▶ [DATA SHOWN]:
━━━━━━━━━━━━━━━━

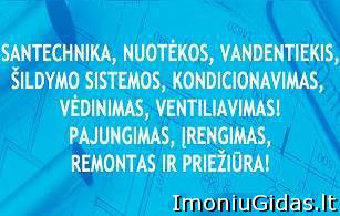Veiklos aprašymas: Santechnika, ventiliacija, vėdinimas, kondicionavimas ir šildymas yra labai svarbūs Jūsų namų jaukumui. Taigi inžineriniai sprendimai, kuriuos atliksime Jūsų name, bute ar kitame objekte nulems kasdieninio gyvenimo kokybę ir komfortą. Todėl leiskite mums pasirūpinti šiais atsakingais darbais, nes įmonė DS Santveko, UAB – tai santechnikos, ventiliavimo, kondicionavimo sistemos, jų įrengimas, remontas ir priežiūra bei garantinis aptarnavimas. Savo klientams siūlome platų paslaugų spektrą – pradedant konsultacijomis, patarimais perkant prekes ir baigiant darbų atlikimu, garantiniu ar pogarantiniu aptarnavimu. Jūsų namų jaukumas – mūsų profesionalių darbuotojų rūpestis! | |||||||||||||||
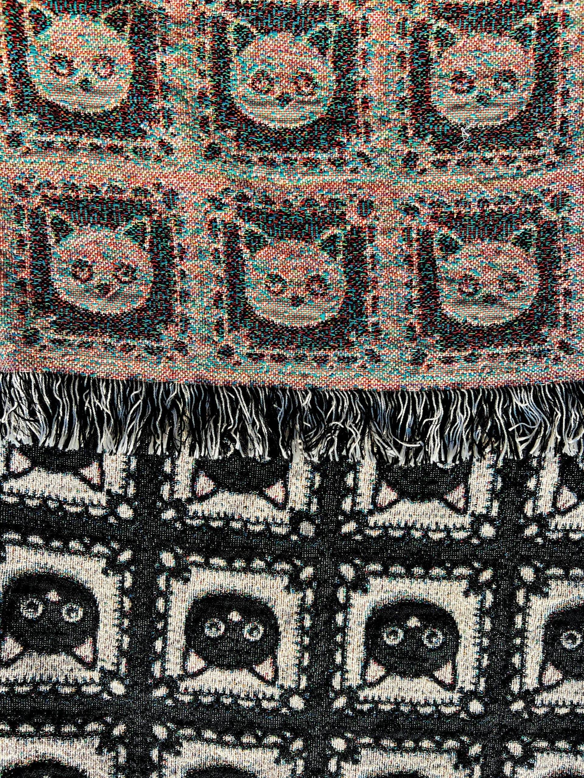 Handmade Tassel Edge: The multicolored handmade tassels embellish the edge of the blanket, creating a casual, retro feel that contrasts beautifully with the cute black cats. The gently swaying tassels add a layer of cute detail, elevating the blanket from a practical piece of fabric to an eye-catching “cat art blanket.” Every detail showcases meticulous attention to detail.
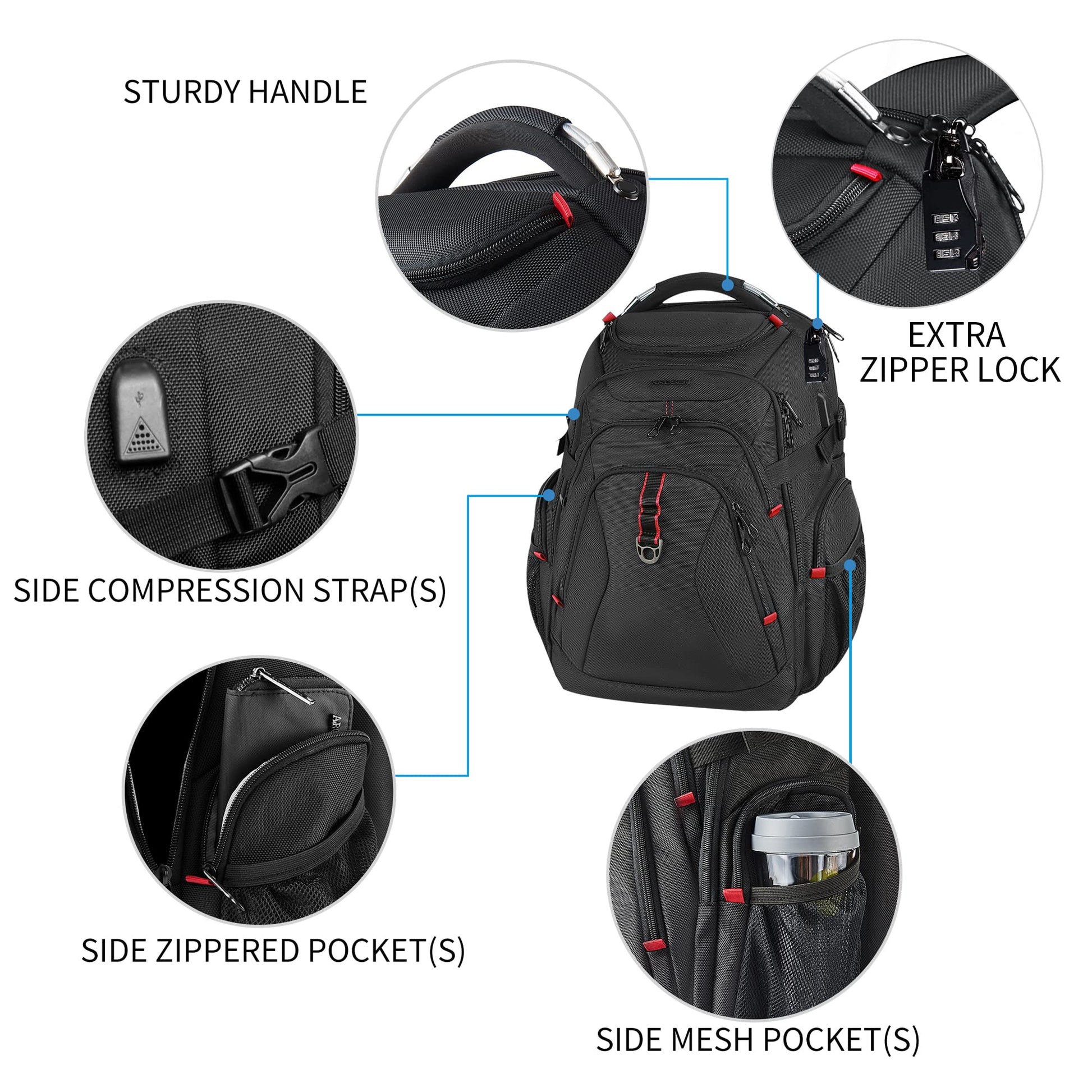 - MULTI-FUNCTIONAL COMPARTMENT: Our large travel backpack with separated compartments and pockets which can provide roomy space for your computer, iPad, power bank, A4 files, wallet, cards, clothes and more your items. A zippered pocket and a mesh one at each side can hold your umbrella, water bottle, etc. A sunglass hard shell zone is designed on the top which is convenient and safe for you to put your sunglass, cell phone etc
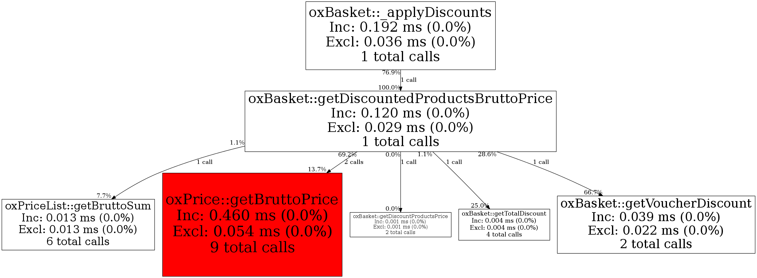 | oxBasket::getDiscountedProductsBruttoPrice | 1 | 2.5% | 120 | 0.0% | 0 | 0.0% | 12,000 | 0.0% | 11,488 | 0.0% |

━━━━━━━━━━━━━━━━

▶ [WORK REQUIRED]: Produce the full material again verbatim, with the pictures dropped.

▶ [EXERCISE OUTPUT]:
Veiklos aprašymas: Santechnika, ventiliacija, vėdinimas, kondicionavimas ir šildymas yra labai svarbūs Jūsų namų jaukumui. Taigi inžineriniai sprendimai, kuriuos atliksime Jūsų name, bute ar kitame objekte nulems kasdieninio gyvenimo kokybę ir komfortą. Todėl leiskite mums pasirūpinti šiais atsakingais darbais, nes įmonė DS Santveko, UAB – tai santechnikos, ventiliavimo, kondicionavimo sistemos, jų įrengimas, remontas ir priežiūra bei garantinis aptarnavimas. Savo klientams siūlome platų paslaugų spektrą – pradedant konsultacijomis, patarimais perkant prekes ir baigiant darbų atlikimu, garantiniu ar pogarantiniu aptarnavimu. Jūsų namų jaukumas – mūsų profesionalių darbuotojų rūpestis! | |||||||||||||||
 Handmade Tassel Edge: The multicolored handmade tassels embellish the edge of the blanket, creating a casual, retro feel that contrasts beautifully with the cute black cats. The gently swaying tassels add a layer of cute detail, elevating the blanket from a practical piece of fabric to an eye-catching “cat art blanket.” Every detail showcases meticulous attention to detail.
 - MULTI-FUNCTIONAL COMPARTMENT: Our large travel backpack with separated compartments and pockets which can provide roomy space for your computer, iPad, power bank, A4 files, wallet, cards, clothes and more your items. A zippered pocket and a mesh one at each side can hold your umbrella, water bottle, etc. A sunglass hard shell zone is designed on the top which is convenient and safe for you to put your sunglass, cell phone etc
 | oxBasket::getDiscountedProductsBruttoPrice | 1 | 2.5% | 120 | 0.0% | 0 | 0.0% | 12,000 | 0.0% | 11,488 | 0.0% |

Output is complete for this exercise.